HERV AND SOLITARY LTR ELEMENTS ARE IMPLICATED IN VARIOUS HUMAN DISEASES

HERV and solitary LTR elements can cause several human diseases such as azoospermia, multiple sclerosis, schizophrenia, diabetes, and cancer (Conrad et al., 1997; Kamp et al., 2000; Karlsson et al., 2001; Kim et al., 1999a; 1999b; Li et al., 2020; Patzke et al., 2002; Perron et al., 1997; Xiao and Xu, 2021). Apolipoprotein C1 (APOC1) appears to be an independent prognostic factor in patients with clear cell renal cell carcinoma (ccRCC). APOC1 could be a potential therapeutic target for ccRCC as it regulates cell growth and metastasis pathways (Xiao and Xu, 2021). APOC1 promotes metastasis of ccRCC cells by activating STAT3. Moreover, the metastatic potential of ccRCC cells driven by APOC1 is suppressed by DPP-4 inhibition (Li et al., 2020). Human transcripts containing HERV-E LTRs are fused to the APOC1 and endothelin B receptor (EBR) genes (Medstrand et al., 2001). Alternative transcripts of APOC1 and EBR are initiated and promoted by LTRs. In contrast to the LTR at the APOC1 locus, a significant proportion of EBR transcripts is derived from the LTR promoter in the placenta. This type of LTR element seems to have a dual role, acting both as a promoter and an enhancer for the expression of neighboring functional genes in specific tissues (Fig. 4).

Figure F4
Some of the HERVs and solitary LTRs caused by exogenous retrovirus infection could have potential ZFS, and be integrated into the neighboring region of functional genes. This integration could result ...

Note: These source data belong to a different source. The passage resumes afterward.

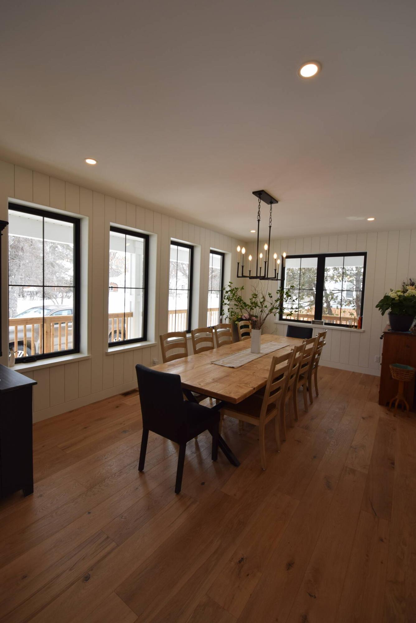 “Again, the dining room has a wall of big windows that let in lots of natural light. Not only that, but the table is made from timber from a spruce tree that was taken down during construction. And the sliding barn door that can be used to close off the mudroom is the old front door.”
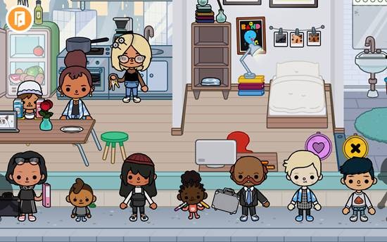 又或者点击左上角的退出房间按钮,去到自己的家中,可以看到也有很多小朋友,点击任何人物或者物品都可以移动。
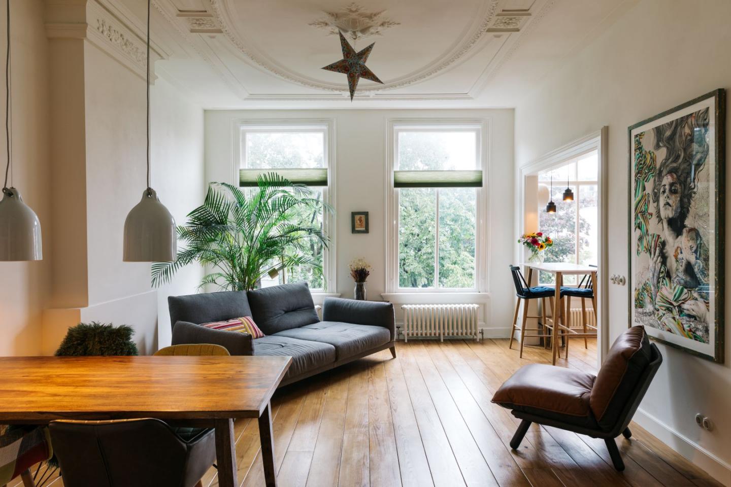 Located on Ceintuurbaan, a typical Amsterdam building is housing this cosy home for a vibrant couple. Over a typical street and facing a beautiful greenery, it is a very characteristic building. In parallel to the architecture, the interior is also full of character. With huge windows and high ceilings, the flat is very spacious and full of light.

LY6K-AS long noncoding RNA (lncRNA) is an anti-sense transcript, known as a prognostic biomarker, which shows elevated expression in patients with lung adenocarcinoma (LUAD); higher expression of LY6K-AS in LUAD predicts poor survival outcomes, indicating that LY6K-AS silencing is a promising therapeutic option, which inhibits oncogenic mitotic progression in LUAD (Ali et al., 2021). Osteoarthritis (OA) is the most prevalent articulating joint disease in humans and frequently results in joint pain, movement limitations, inflammation, and progressive degradation of the articular cartilage. LncRNAs are involved in multiple cellular and biological processes. Moreover, numerous lncRNAs are differentially expressed in human OA cartilage (Abbasifard et al., 2020). LncRNA-mRNA co-expression analysis has revealed a remarkable relationship, wherein OTOA may play a critical role in the differential mechanisms of OA progression between Tibetan and Han Chinese populations (Luo et al., 2021). LncRNA-derived LINC00652 can exert biological functions by co-expression with prognostic genes (INSL3, SNAP91, and REN) and lipid metabolism-related genes (MIA2, APOA1). Accordingly, this lncRNA-mRNA-based classifier might be clinically useful for predicting the recurrence and prognosis of childhood acute lymphoblastic leukemia (ALL) (Qi et al., 2021).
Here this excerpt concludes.